The cross sections for these pair production cross sections as well as for many other high energy processes are described by perturbative QCD in terms of the coupling αs and the quark masses as free parameters. Project B2 is studying the connection of these parameters to hadronic quantities, like meson and baryon masses, by lattice simulations. Hadron masses are measured very precisely and, thus, they can provide very accurate information on QCD input parameters in principle. Because of the non-perturbative character of the bound-state problems, such a program is best addressed by matching lattice calculations with perturbation theory. Intrinsically, this is a multi-scale problem which requires the development of special techniques. Additional simplifications, like unphysical quark masses, have been necessary in the past and are still required, but will be eliminated step by step. From comparison with measured mass values, the calculations will produce improved determinations of quark masses and λQCD, which can then be turned to an improved prediction αs at high energies.

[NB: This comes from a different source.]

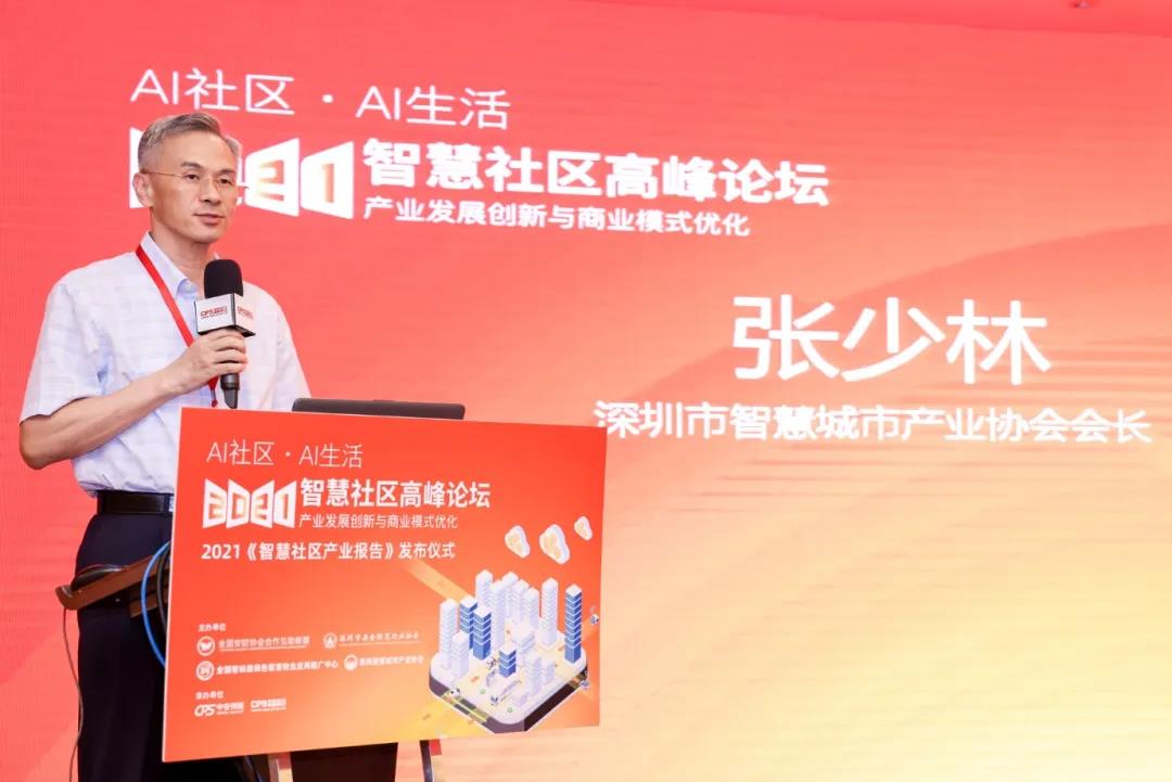 紧接着,深圳市智慧城市产业协会会长张少林发表致辞。张少林表示,互联网时代带来的“精细化管理平台”、“人工智能”等先进的技术的引入,使得传统社区迎来新的管理运营模式,受到挑战的同时也迸发出巨大的机遇。

Project B3 aims at improving our knowledge of parton distribution functions (PDFs), by combining perturbation theory, phenomenology and lattice simulations. The calculation of moments of PDFs on the lattice provides ab-initio information, once small enough quark masses can be simulated. On the other hand, the direct extraction of PDFs from precision data will be improved by pushing the needed perturbative calculations to 3-loop order. In order to achieve this, new calculational tools will be developed which can also be used in other multi-loop problems. The results will then be used to perform world data analyses of both unpolarised and polarised PDFs and to apply them to improved inclusive cross section predictions for the LHC. The direct comparison of moments of PDFs as determined from experiment with those calculated on the lattice, will provide interesting information on the validity range of the perturbative treatment. These comparisons will also provide improved information on other QCD parameters, like the strong coupling constant, αs.

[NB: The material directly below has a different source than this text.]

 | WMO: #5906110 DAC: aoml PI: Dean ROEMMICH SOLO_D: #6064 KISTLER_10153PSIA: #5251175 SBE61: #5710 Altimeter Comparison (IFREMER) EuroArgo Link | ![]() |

The heavy particles mentioned above all decay rapidly, at time scales which are short compared to the QCD scale but long compared to their mass. The systematic treatment of such unstable particles (narrow resonances) in quantum field theories requires methods that go beyond the standard diagrammatic expansion in the coupling constant. The origin and solution of the problem lie in the existence of two separate scales, mass and width, which allow to construct an effective field theory. In project B4 the appropriate effective field theory has been developed and will be further refined. This effective field theory approach as well as the complex mass scheme are then employed in parallel to predict quantum corrections to the production and subsequent decay of unstable particles, primarily weak gauge bosons and top quarks, in high-energy collisions.

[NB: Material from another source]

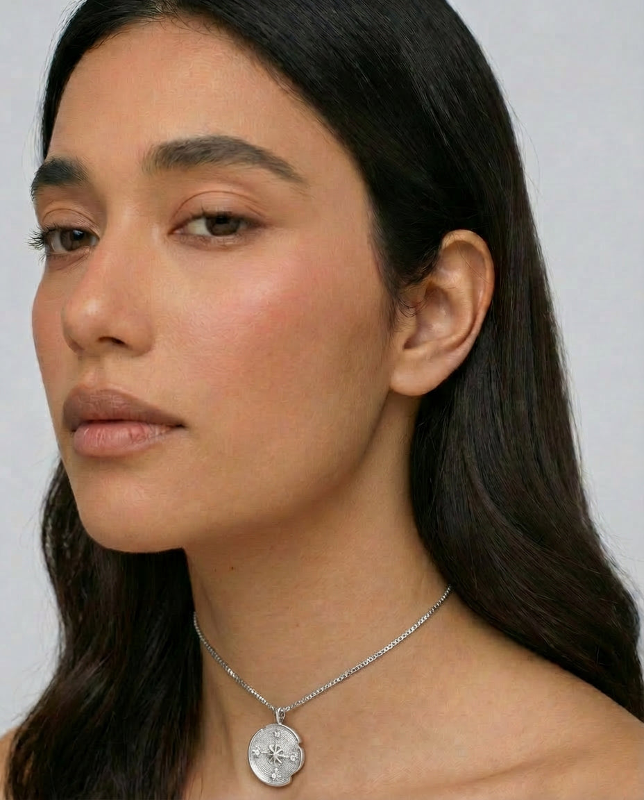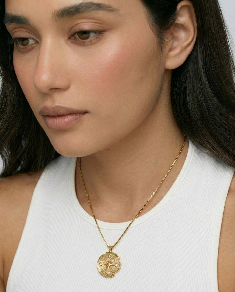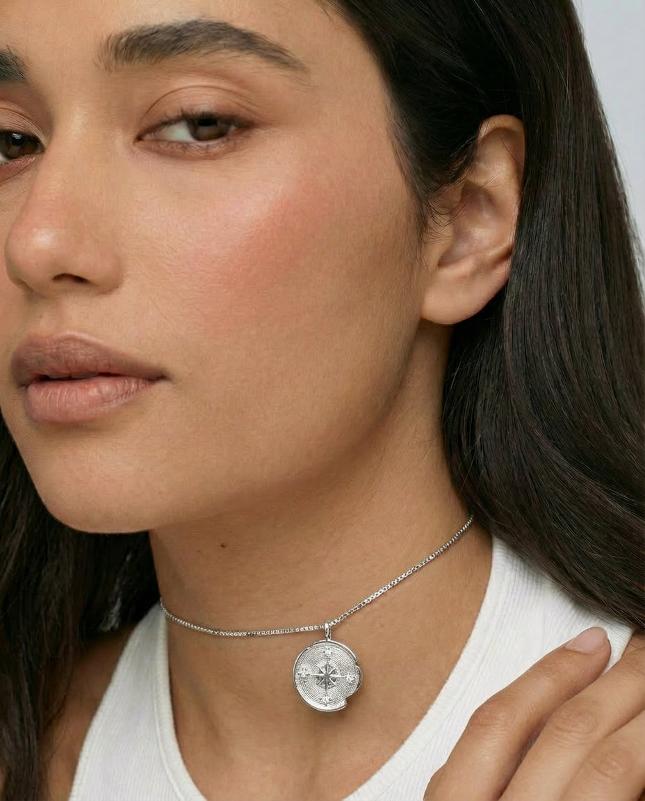 Compass Necklace is inspired by the quiet guidance of the stars. A delicate round pendant rests at the centre of a fine chain, engraved with a radiant star motif that catches the light with subtle brilliance. Elegant and symbolic, the piece evokes a sense of direction, wonder, and timeless celestial beauty.

The discovery and interpretation of new physics at the LHC, for example Higgs production or supersymmetry, requires precise calculations for signal and background processes. In project B5 the radiative corrections to various production and decay processes of particular phenomenological relevance will be determined. On the one hand these are NLO QCD corrections to multi-parton processes like WWjj production. On the other hand, improved relations between particle masses and model parameters of SM extensions, like supersymmetric models, will be determined and thus provide the basis for a precise interpretation of experimental data. The NLO multi-parton cross sections will be further improved by matching them with existing parton shower programs, and also a better treatment of final state photons is planned, namely the collinear emission of photons from quarks will be modelled non-perturbatively with the help of fragmentation functions. The precise predictions will then form the basis of detailed phenomenological investigations in Higgs physics and of physics beyond the Standard Model.